[Material provided — start]

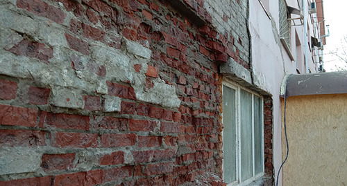 Кирпичи, из которых сложены стены здания, на ощупь влажные и хрупкие, передал корреспондент "Кавказского узла".
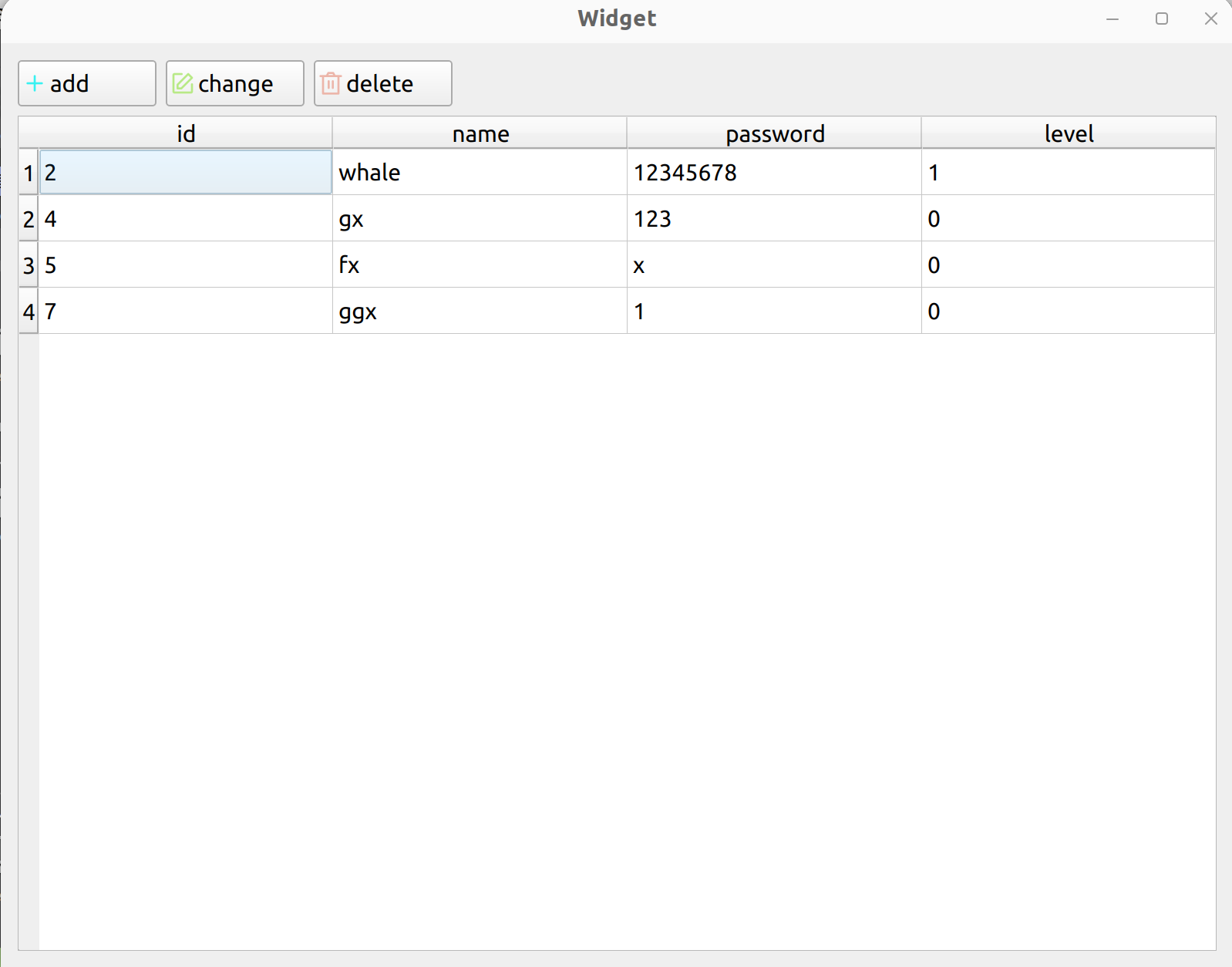在软件开发过程中,只要涉及到管理系统都需要使用到数据库。 什么是数据库? 数据库是一个有组织的数据集合,通常以电子形式存储在计算机系统中。它允许用户高效地存储、检索、更新和管理数据。 熟悉数据库的都知道,数据库的主要操作是增删改查。 以下创建一个TEST的表单,其属性为id, name和password。其中id为关键字。 创建表单 删除表单数据 添加表单数据 查询表单数据 SELECT * FROM TEST WHERE name = "whale" 更新表单数据 效果图 此处使用Qt创建一个用户管理系统,实现数据的新增改查。 效果图如下: 传送门
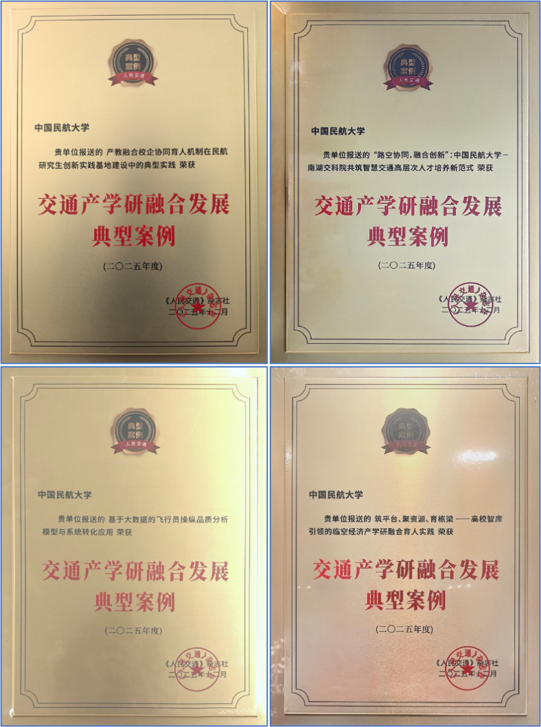 日前,2025年人民交通大会在福州开幕。我校研究生院与科技处联合组织提交的《产教融合校企协同育人机制在民航研究生创新实践基地建设中的典型实践》《路空协同,融合创新:中国民航大学-南湖交科院共筑智慧交通高层次人才培养新范式》《基于大数据的飞行员操纵品质分析模型与系统转化应用》《筑平台、聚资源、育栋梁-高校智库引领的临空经济产学研融合育人实践》四个案例成功入选大会主办方遴选的“全国交通产学研融合发展典型案例”。
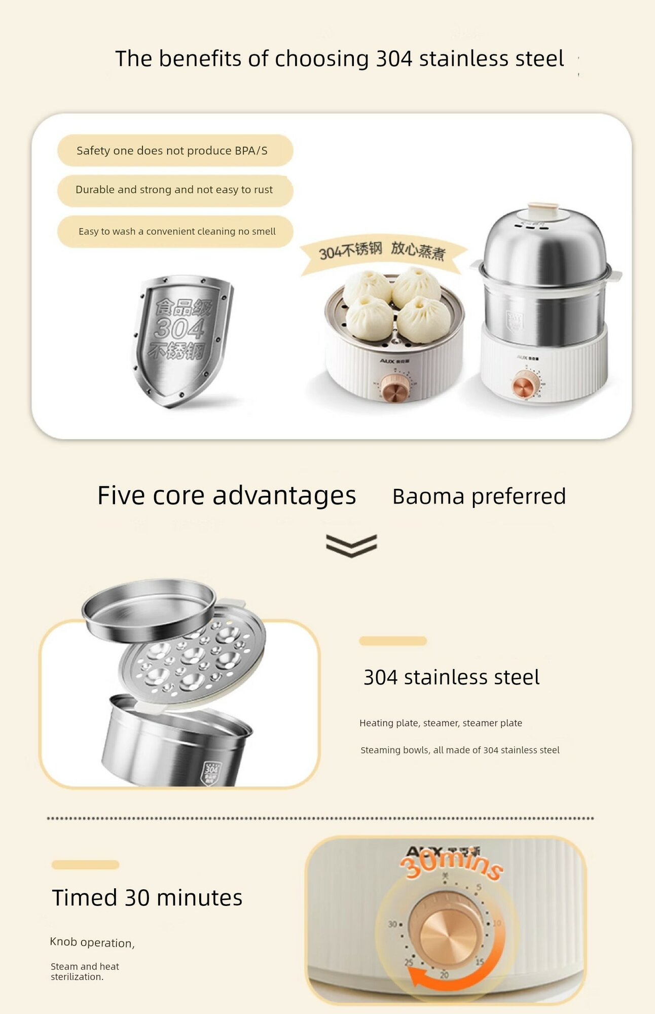 Пароварка для детского питания с таймером, нержавеющая сталь 304, двойной слой + углубленное шасси + пароварочная чаша 304
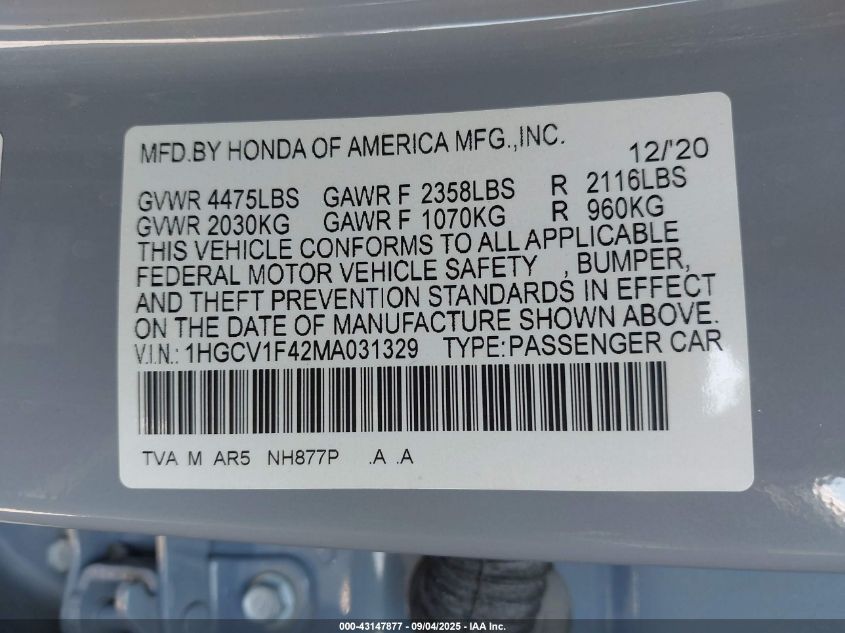 2021 HONDA ACCORD - 1HGCV1F42MA031329, цвет - Синий, 1.5, Бензин, Передний привод из США
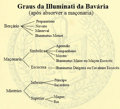 A Illuminati da Baviera foi originalmente composta por três graus iniciais: Novato, Minerval, e Iluminado Minerval. Cada grau foi concebido para atingir objetivos específicos, garantindo simultaneamente o controle completo e dominação para o ápice da pirâmide. Aqui está um breve resumo de cada grau.Novato
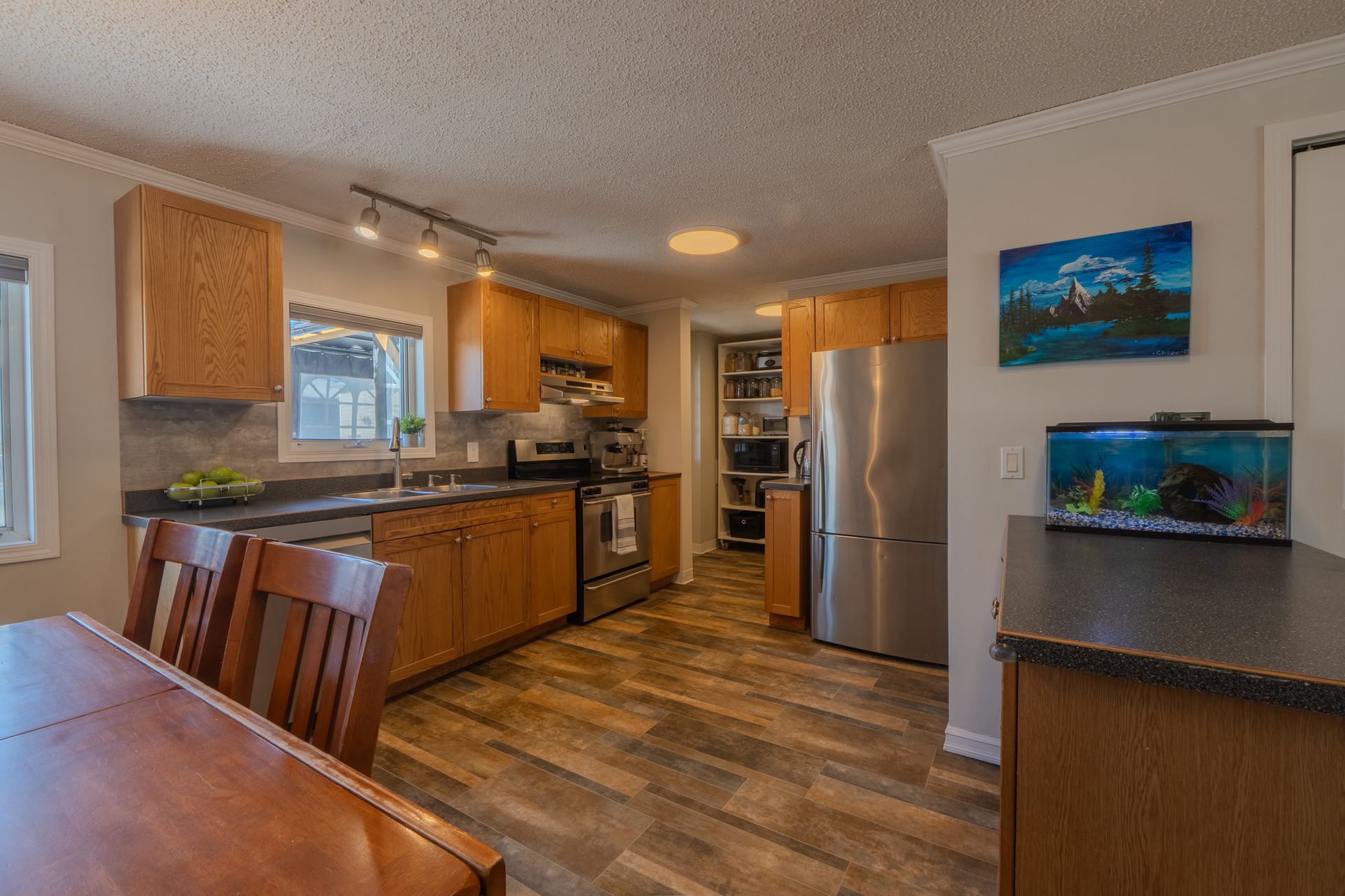 The home welcomes you with a spacious entry leading into the open-concept living space, featuring a centrally located wood-burning stove, sunken living room, and a functional kitchen with plenty of counter space. The spacious primary bedroom offers an updated 3-piece ensuite, along with two additional bedrooms and a second full bathroom.
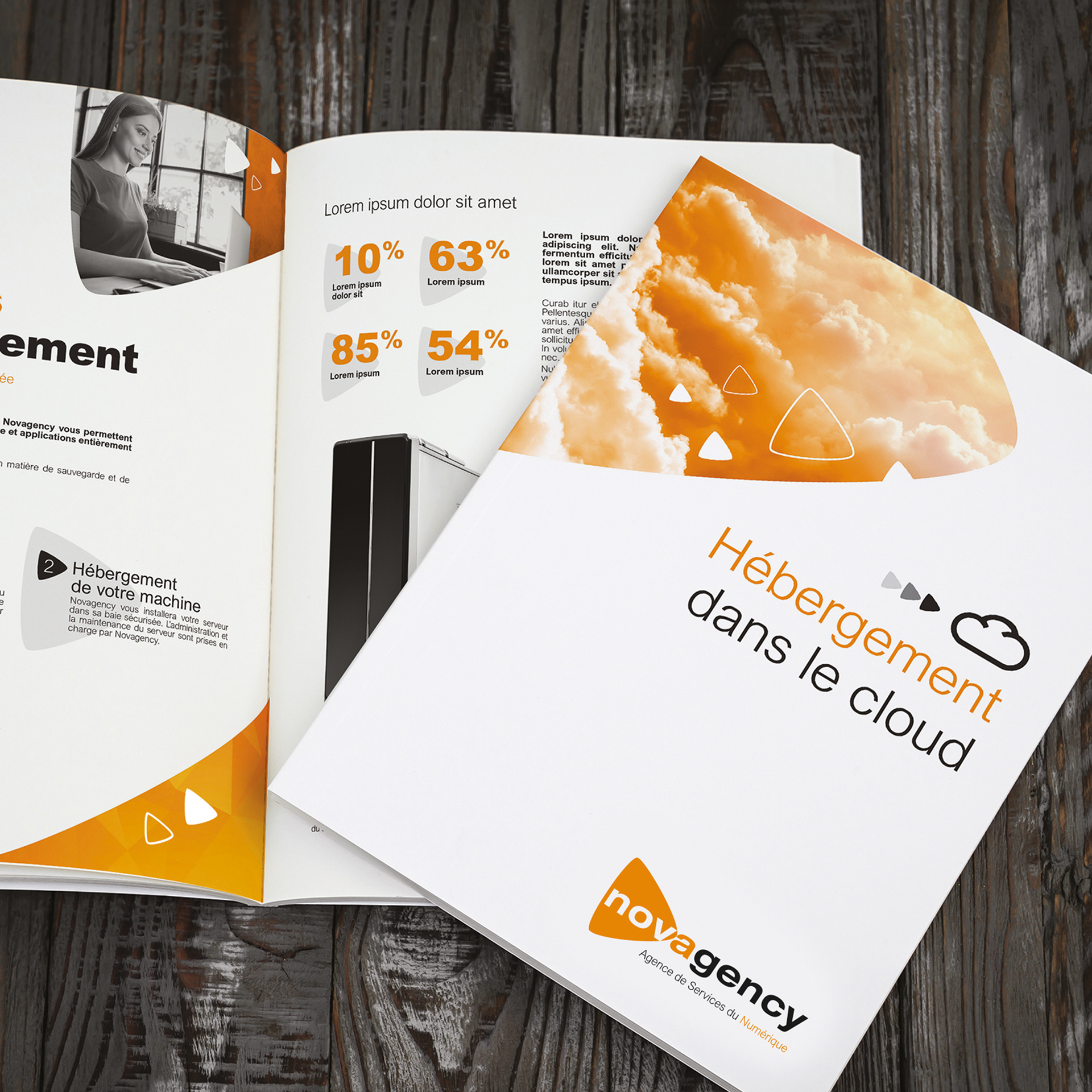 Novagency propose des services numériques à destination des professionnels, de l’hébergement cloud à la téléphonie IP, en passant par l’infogérance. L’agence avait besoin d’un univers graphique affirmé, à partir de son logo existant.
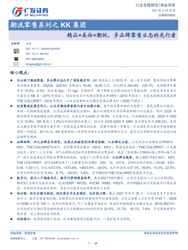 【广发证券】【20211220】商业贸易行业专题研究:潮流零售系列之KK集团 精品+美妆+潮玩,多品牌零售业态的先行者-34页 行业研究

[Material provided — finish]

What you have to do: Would you write out exactly the lines above, starting at the line containing "此处使用Qt创建一个用户管理系统,实现数据的新增改查。 效果图如下: 传送门" and stopping after the line containing "2021 HONDA ACCORD"? Omit the pictures.

Expected answer:
在软件开发过程中,只要涉及到管理系统都需要使用到数据库。 什么是数据库? 数据库是一个有组织的数据集合,通常以电子形式存储在计算机系统中。它允许用户高效地存储、检索、更新和管理数据。 熟悉数据库的都知道,数据库的主要操作是增删改查。 以下创建一个TEST的表单,其属性为id, name和password。其中id为关键字。 创建表单 删除表单数据 添加表单数据 查询表单数据 SELECT * FROM TEST WHERE name = "whale" 更新表单数据 效果图 此处使用Qt创建一个用户管理系统,实现数据的新增改查。 效果图如下: 传送门
 日前,2025年人民交通大会在福州开幕。我校研究生院与科技处联合组织提交的《产教融合校企协同育人机制在民航研究生创新实践基地建设中的典型实践》《路空协同,融合创新:中国民航大学-南湖交科院共筑智慧交通高层次人才培养新范式》《基于大数据的飞行员操纵品质分析模型与系统转化应用》《筑平台、聚资源、育栋梁-高校智库引领的临空经济产学研融合育人实践》四个案例成功入选大会主办方遴选的“全国交通产学研融合发展典型案例”。
 Пароварка для детского питания с таймером, нержавеющая сталь 304, двойной слой + углубленное шасси + пароварочная чаша 304
 2021 HONDA ACCORD - 1HGCV1F42MA031329, цвет - Синий, 1.5, Бензин, Передний привод из США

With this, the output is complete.